Which brings me, at Trudy’s slow U-turn on the first landing, via death, to the matter of revenge. It’s coming clearer, and I’m relieved. Revenge: the impulse is instinctive, powerful – and forgivable. Insulted, duped, maimed, no one can resist the allure of vengeful brooding. And here, far out at this extreme, a loved one murdered, the fantasies are incandescent. We’re social, we once kept each other at bay by violence or its threat, like dogs in a pack. We’re born to this delectable anticipation. What’s an imagination for but to play out and linger on and repeat the bloody possibilities? Revenge may be exacted a hundred times over in one sleepless night. The impulse, the dreaming intention, is human, normal, and we should forgive ourselves.

But the raised hand, the actual violent enactment, is cursed. The maths says so. There’ll be no reversion to the status quo ante, no balm, no sweet relief, or none that lasts. Only a second crime. Before you embark on a journey of revenge, dig two graves, Confucius said. Revenge unstitches a civilisation. It’s a reversion to constant, visceral fear. Look at the miserable Albanians, chronically cowed by kanun, their idiot cult of blood feuds.

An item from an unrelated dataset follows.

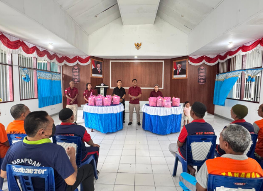 Kepala Rutan Ambon, Yudhy Rizaldy yang didampingi sejumlah petugas Rutan Ambon menyerahkan bantuan vitamin kepada perwakilan warga binaan lansia. (Dok. R)
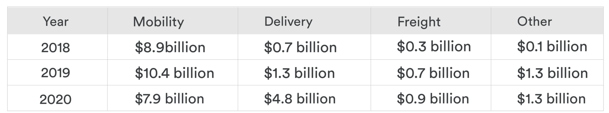 Sotto il CEO Travis Kalanick, dal 2010 al 2017 la società ha lanciato “Eats” (un servizio di food delivery), “Freight” e un’unità di veicoli autonomi (Advanced Technologies Group o “ATG”).

So even as we reach the landing outside my precious father’s library, I’ve absolved myself, not of thoughts, but of actions, of avenging his death in this life or in the post-natal next. And I’m absolving myself of cowardice. Claude’s elimination won’t restore my father. I’m extending Reichelt’s forty-second hesitation into a lifetime. No to impetuous action. If I’d succeeded with the cord, then it, not Claude, would have been the cause for any pathologist to note. An unhappy accident, he’d record, and not unusual. There’d be some undeserved relief for my mother and uncle.

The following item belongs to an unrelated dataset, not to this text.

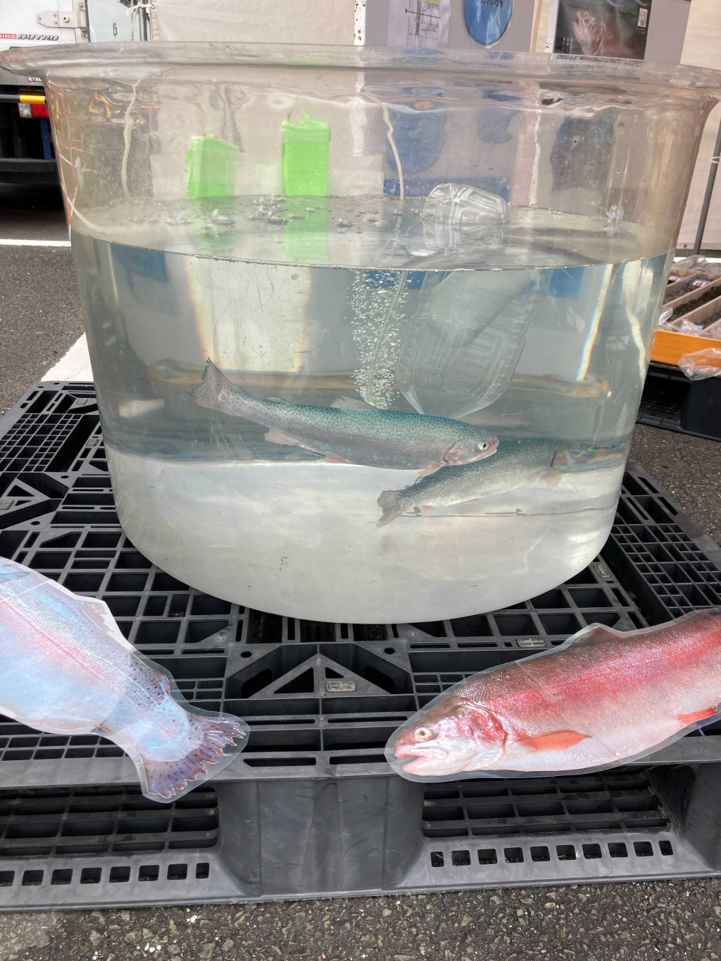 ③魚活ボックスの展示および三保サーモン稚魚の展示

If the stairs allow such room for thought it’s because Trudy is taking them at the pace of the slowest loris. For once, her hand holds the banister tightly. She takes one step at a time, pauses on some, considers, sighs. I know how things stand. The visitor will hold up the essential housework. The police could return. Trudy’s in no mood for a battle of jealous possession. There’s an issue of precedence. She’s been usurped at the identification of the body – that rankles. Elodie is merely a recent lover. Or not so recent. She might have preceded the move to Shoreditch. Another raw wound to dress. But why call round here? Not to receive or give comfort. She might know or possess some damning tidbit. She could throw Trudy and Claude to the dogs. Or it’s blackmail. Funeral arrangements to discuss. None of that. No, no! For my mother, so much effortful negation. How wearying, on top of all else (a hangover, a murder, enervating sex, advanced pregnancy), for my mother to be obliged to exert her will and extend fulsome hatred to a guest.

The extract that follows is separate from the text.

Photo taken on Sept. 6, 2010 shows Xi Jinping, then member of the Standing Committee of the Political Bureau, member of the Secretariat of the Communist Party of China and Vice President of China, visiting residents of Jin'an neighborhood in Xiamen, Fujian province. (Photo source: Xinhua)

But she’s determined. Her braids tightly conceal her thoughts from all but me, while her underwear – cotton, not silk, I sense – and a short summer print dress, correctly loose but not voluminous, are freshly in place. Her bare, pink arms and legs, her purple-painted toenails, her full, unarguable beauty are on intimidating display. Her aspect is of a ship of the line, fully though reluctantly rigged, gun hatches lowered. A woman-of-war, of which I’m the bow’s proud figurehead. She descends in floating but intermittent movements. She’ll rise to whatever comes at her.